To do – What is needed is the full set of records, word for word, with no pictures.

Listed records Start Marker

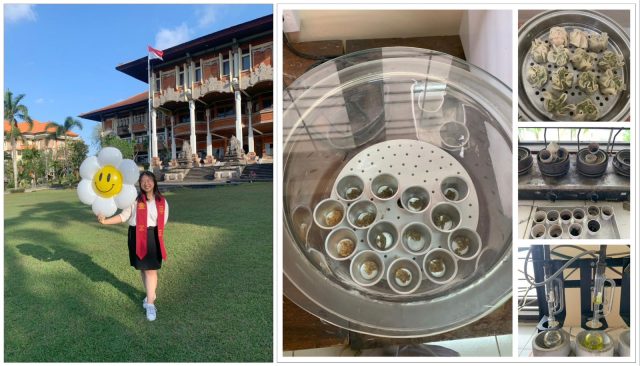 Michelle Anabelle Christantio atau yang sering disapa Mibel telah meraih gelar Sarjana Teknologi Pangan (STP) dari Program Studi Teknologi Pangan, Fakultas Teknologi Pertanian, Universitas Udayana dan resmi diwisuda pada bulan lalu. Gelar tersebut diraih oleh Mibel melalui penelitian dengan judul ”Karakteristik Fisik, Kimia, dan Sensoris Siomay Ayam dengan Penambahan Bayam (Amaranthus tricolor L.)” di bawah bimbingan Ni Luh Ari Yusasrini, STP, MP dan Luh Putu Trisna Darmayanti, S.Hut, MP.
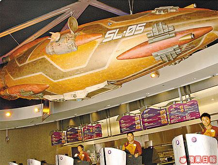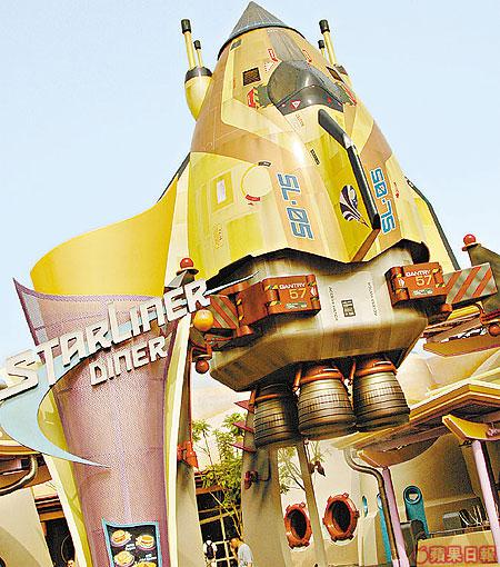 沿着大街行5分鐘,在右手邊的便是「明日世界」,要醫肚嗎?認住那艘太空船,穿過船底便來到「火箭餐廳」。主打美式快餐食物,頭岳岳望住個餐牌數一數,魚柳包、芝士漢堡包、雞扒包、炸雞籃……計埋兩款兒童餐,合共得8款餐揀,選擇唔多但勝在唔使等,加上餐廳有成800個位,搵位連埋食半個鐘搞掂,嗱嗱臨食完繼續搏殺玩過,是一眾大玩精的快速補充站。喜歡試新口味的必叫叉燒漢堡包,賣相似豬柳漢堡但換上一大片叉燒,甜甜哋的叉燒夾埋青瓜同生菜,味道出奇地夾;每款餐可配薯條或飯,吓?漢堡包配飯,咁騎呢?實情那碗是雞油飯,幾香㗎,又夠飽肚。
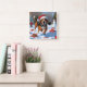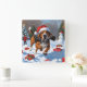 Treeing Walker Coonhound Snow with Christmas Hat Square Wall Clock
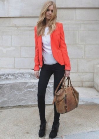 Skirt. Short jackets look very stylish with lush, flared skirts up to the knee. It turns out a very feminine set in a romantic style. A denim blazer will complement a leather mini skirt. The jacket can be any color, not necessarily classic blue.
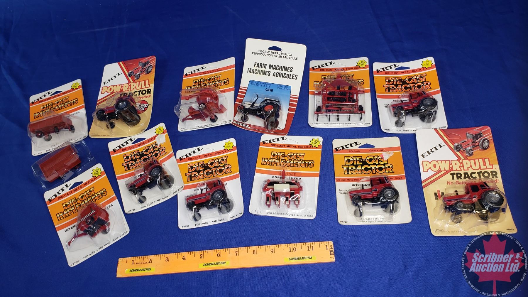 Tray Lot - ERTL Die-Cast Tractors and Implements (12) (Scale: 1/64)
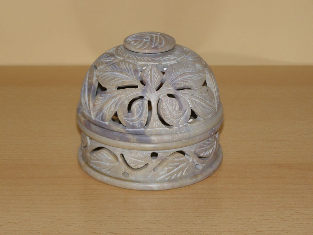 Dekorativní vyřezávanou dózu lze použít nejen jako šperkovnici, ale také jako dózu na pot-pourri. Otočením víčka získáte stojánek na vonné tyčinky. Vyřezáno z mastkového kamene, ruční práce, každý kus je originál.

Listed records End Marker

Response to the exercise –
 Michelle Anabelle Christantio atau yang sering disapa Mibel telah meraih gelar Sarjana Teknologi Pangan (STP) dari Program Studi Teknologi Pangan, Fakultas Teknologi Pertanian, Universitas Udayana dan resmi diwisuda pada bulan lalu. Gelar tersebut diraih oleh Mibel melalui penelitian dengan judul ”Karakteristik Fisik, Kimia, dan Sensoris Siomay Ayam dengan Penambahan Bayam (Amaranthus tricolor L.)” di bawah bimbingan Ni Luh Ari Yusasrini, STP, MP dan Luh Putu Trisna Darmayanti, S.Hut, MP.
 沿着大街行5分鐘,在右手邊的便是「明日世界」,要醫肚嗎?認住那艘太空船,穿過船底便來到「火箭餐廳」。主打美式快餐食物,頭岳岳望住個餐牌數一數,魚柳包、芝士漢堡包、雞扒包、炸雞籃……計埋兩款兒童餐,合共得8款餐揀,選擇唔多但勝在唔使等,加上餐廳有成800個位,搵位連埋食半個鐘搞掂,嗱嗱臨食完繼續搏殺玩過,是一眾大玩精的快速補充站。喜歡試新口味的必叫叉燒漢堡包,賣相似豬柳漢堡但換上一大片叉燒,甜甜哋的叉燒夾埋青瓜同生菜,味道出奇地夾;每款餐可配薯條或飯,吓?漢堡包配飯,咁騎呢?實情那碗是雞油飯,幾香㗎,又夠飽肚。
 Treeing Walker Coonhound Snow with Christmas Hat Square Wall Clock
 Skirt. Short jackets look very stylish with lush, flared skirts up to the knee. It turns out a very feminine set in a romantic style. A denim blazer will complement a leather mini skirt. The jacket can be any color, not necessarily classic blue.
 Tray Lot - ERTL Die-Cast Tractors and Implements (12) (Scale: 1/64)
 Dekorativní vyřezávanou dózu lze použít nejen jako šperkovnici, ale také jako dózu na pot-pourri. Otočením víčka získáte stojánek na vonné tyčinky. Vyřezáno z mastkového kamene, ruční práce, každý kus je originál.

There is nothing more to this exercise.